Lors de mon stage en pratique accompagnée, j'ai rencontré des difficultés
analogues. L'enseignante de CP qui m'accueillait a constaté qu'il était indispensable
aux élèves de CP de développer une conscience phonologique. Elle a remarqué que
les élèves qui ne maîtrisaient pas les réalités sonores de la langue avaient des
difficultés pour apprendre à lire. Dans cette optique, elle a décidé de travailler
régulièrement avec ses élèves sur la conscience phonologique, en début d'année.

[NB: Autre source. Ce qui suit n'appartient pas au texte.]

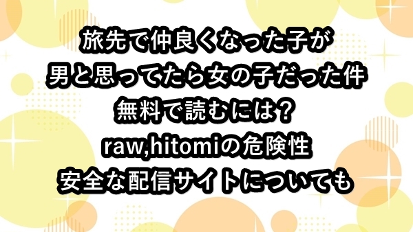 旅先で仲良くなった子が男と思ってたら女の子だった件を無料で読むには?raw,hitomiの危険性&配信サイトについても調査
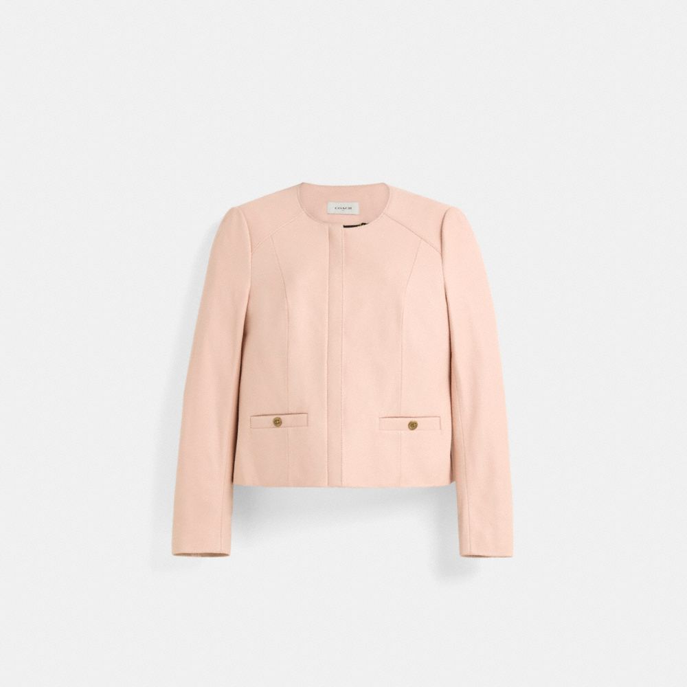 Crafted of buttery-soft leather, this collarless design is a feminine take on a classic racer style.

Afin de garder sa méthode de travail et de mettre en place mes premières situations
d'apprentissage, j'ai décidé d'organiser différents jeux qui avaient pour objectif de la
développer. Les élèves devaient identifier un phonème précis qui était le phonème
[Ə]. Lors de ces situations d'apprentissage, j'ai rencontré deux types de problèmes.
Les premiers étaient liés à l'organisation des séances (consigne, ritualisation de
l'ardoise...) et les seconds à la difficulté des élèves à percevoir les sons. Cette
dernière difficulté était analogue à celle rencontrée lors de mon année en grande
section de maternelle.
Il est pourtant nécessaire de faire acquérir aux élèves une conscience
phonologique. Les programmes officiels de 2002 le stipulent clairement « les élèves
doivent prendre conscience des réalités sonores de la langue » .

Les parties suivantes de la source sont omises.